The United States Census Bureau initially defined the Ponderosa Park CDP for the 1980 United States census.

===2020 census===
As of the 2020 census, Ponderosa Park had a population of 3,334. The median age was 49.4 years. 20.2% of residents were under the age of 18 and 18.9% of residents were 65 years of age or older. For every 100 females there were 95.8 males, and for every 100 females age 18 and over there were 94.5 males age 18 and over.

0.0% of residents lived in urban areas, while 100.0% lived in rural areas.

There were 1,201 households in Ponderosa Park, of which 29.5% had children under the age of 18 living in them. Of all households, 73.1% were married-couple households, 11.0% were households with a male householder and no spouse or partner present, and 12.7% were households with a female householder and no spouse or partner present. About 12.3% of all households were made up of individuals and 6.1% had someone living alone who was 65 years of age or older.

There were 1,228 housing units, of which 2.2% were vacant. The homeowner vacancy rate was 1.1% and the rental vacancy rate was 6.4%.

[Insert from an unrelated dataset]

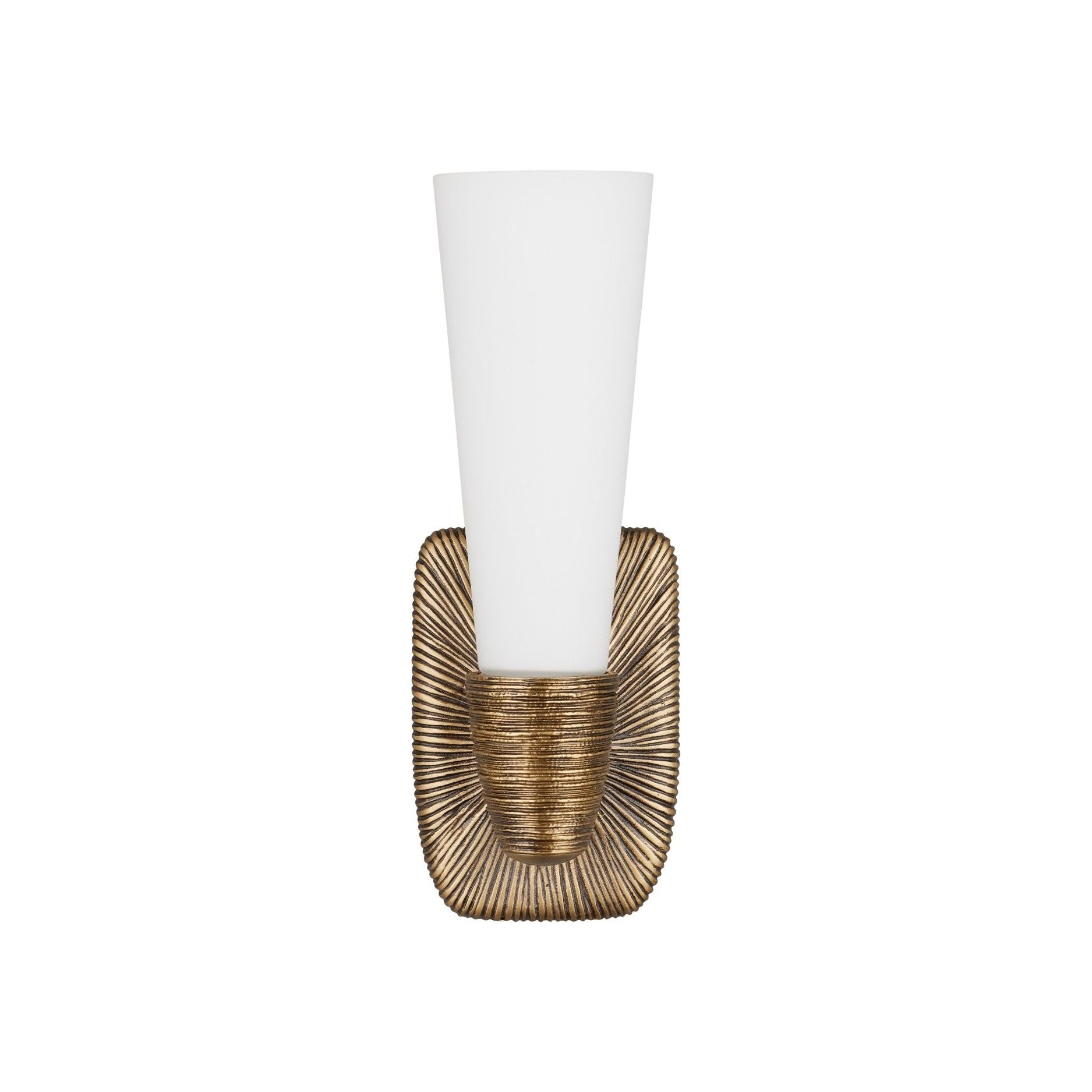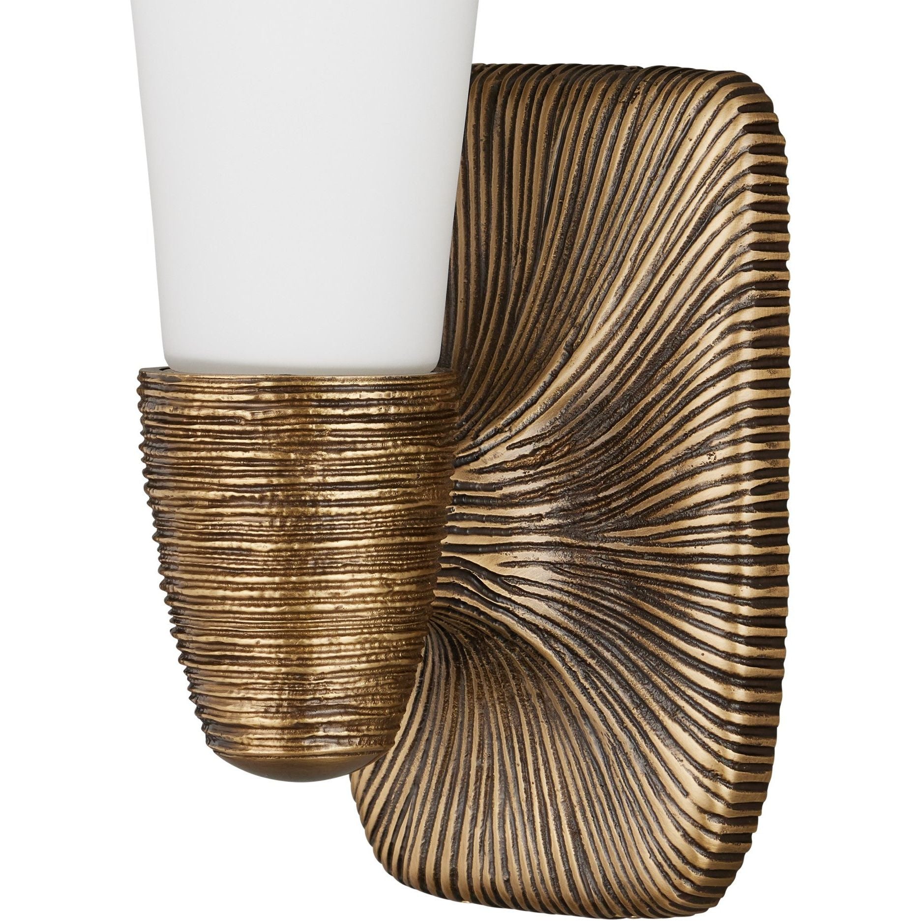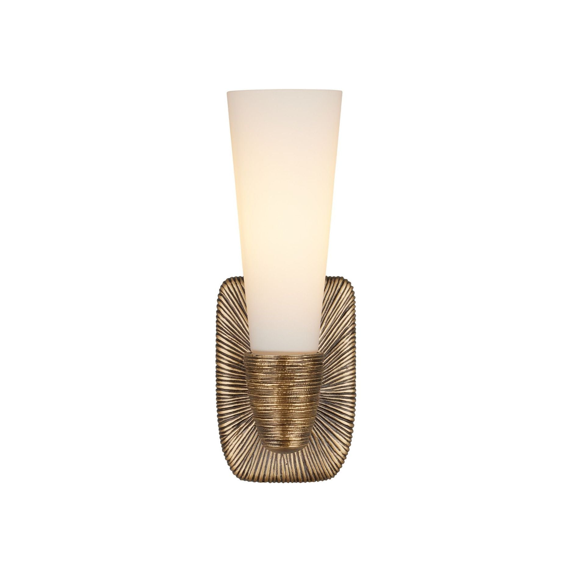 The Bonaz Bath Wall Sconce blends sculptural texture with refined contrast for a standout bathroom accent. Made of cast brass, the fixture features dramatic surface detailing that resembles flowing strands of hair pulled into a tight bun. A single white glass shade rises from the top of the antique brass wallplate, creating a soft, ambient glow. At 14 inches tall, this one-light sconce is both dimmable and damp rated.

Racial composition as of the 2020 census
| Race | Number | Percent |
|---|---|---|
| White | 2,963 | 88.9% |
| Black or African American | 13 | 0.4% |
| American Indian and Alaska Native | 10 | 0.3% |
| Asian | 28 | 0.8% |
| Native Hawaiian and Other Pacific Islander | 0 | 0.0% |
| Some other race | 79 | 2.4% |
| Two or more races | 241 | 7.2% |
| Hispanic or Latino (of any race) | 247 | 7.4% |

==Education==
It is in the Elizabeth School District.